Г. Д. Гребенщиков О простоте Письмо поэту N. N. Из цикла очерков "Гонец"
Август, 1926
Вы спрашиваете:
Что такое простота в нашем житейском смысле?
Однажды я спросил у моего большого друга:
-- Всякая ли простота прекрасна? Является ли высшей простотою опрощение по Толстому?
Лишь после некоторого раздумья он ответил:
-- Да, эта простота прекрасная, но она доступна людям, столь же исключительным, каким был сам Толстой. Кроме того, не следует из радужно-прекрасного разнообразия жизни делать курную избу. Запах кислых щей или овчины не надо предпочитать запаху роз или благовоний. Пускай прекрасная женщина украшает себя бархатом, ибо тот, кому идет холстина и в ней прекрасен, как были прекрасны в домотканых платьях наши древнерусские подвижники.
-- В повседневной жизни, -- заключил мой собеседник, -- простоту сделали будничной и бедной, тогда как именно в жизни каждого дня все простое, все естественное можно сделать в естестве своем прекрасным. Все хорошее всегда просто.

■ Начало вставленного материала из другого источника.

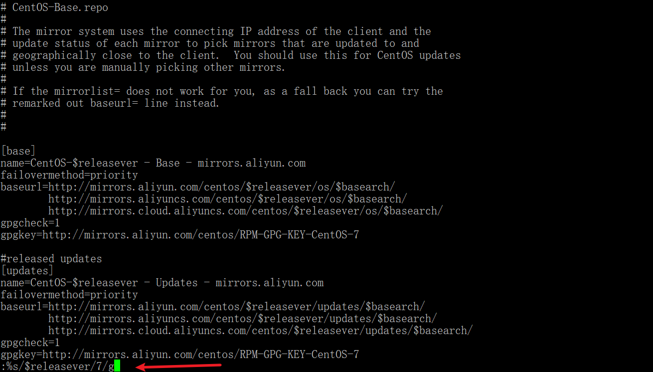 6.按键盘点击 : ←这个符号(需要shift键加冒号键) 然后输入 %s/$releasever/7/g 回车 (g结尾,配合%s 意思是替换所有)

Эта беседа происходила в библиотечной комнате одной из художественных школ Нью-Йорка, где, по случаю обеденного перерыва, кроме нас, было только двое.
Один был юноша с взъерошенною буйной шевелюрой мрачного философа, вторая -- молодая девушка лет двадцати. С моей стороны была видна лишь часть ее профиля с лучевидными ресницами, крупным миндалевидным глазом и кончиком тонкого, чуть взгорбленного носа. Именно по линиям ее профиля и по смуглому цвету кожи казалось, что она происходит из древних египтян или из еще более древних обитателей погибшей Атлантиды, остатки которых теперь так печально вымирают среди индейцев нынешней Америки.
Молодой человек выбирал в шкафу подходящую книгу. Грубо перешвырявши всех бывших там композиторов, художников и философов, он, наконец, достал из своего портфеля дешевый роман с лубочной крикливой обложкой, сел за стол и трагически уронил над книгой на растопыренные руки свою голову. Так иногда запойный пьяница роняет голову над чаркой горького вина.
Девушка сидела у стола, как изваяние. Лишь изредка ее ресница колебалась сверху вниз и снова замирала над выпуклым далеко устремленным через книгу глазом.
Чтобы не нарушать библиотечного порядка, мы оба замолчали. Мой друг просматривал какую-то книгу с репродукциями молодых американских художников.
Я невольно любовался изваянием девушки. Вдруг длинные ресницы ее вскинулись наверх к тонким бровям, а ясные, темно-серые глаза робко посмотрели в лицо моего друга.
-- Как хорошо, что вы и в жизни говорите так же, как пишите, -- сказала она и с улыбкой показала книгу, которую читала.
Это была одна из немногих книг моего друга, переведенная на английский язык.
я видел, как просто наклонил голову мой собеседник в ответ на слова девушки и таким светом засверкали ее глаза, когда она призналась:
-- Мне даже не стыдно, что я вас подслушала. Я так много услыхала нужного в ваших словах.
Сидевший напротив юноша, измерив девушку свирепым взглядом, демонстративно заткнул уши пальцами и, не понимая нашего языка, еще ниже опустил свою мрачную голову над уголовным романом.
Мой собеседник молча улыбнулся девушке и мы с ним вышли из библиотеки.
Нужно ли объяснять этот случай? Для себя я вынес из него такой урок:
Даже когда истинная простота становится мерилом самого прекрасного, найдутся люди, которые будут враждебно закрывать от нее двери. И их нельзя винить, так как они, как и этот юноша, не знает музыки ее чудесных слов. Но зато какая радость, когда даже случайно оброненное зерно сразу расцветает благоухающим цветком прекрасного.
Вот почему и простоте надо учиться, как великой мудрости.
А если истинная простота а прекрасном, значит, надо искать и изучать все прекрасное.
Но если вы спросите: "Но что же самое прекрасное?" -- Ответ будет самый простой:
-- Прекрасное все, что по настоящему радует. Проверьте это на простейших случаях из вашей жизни.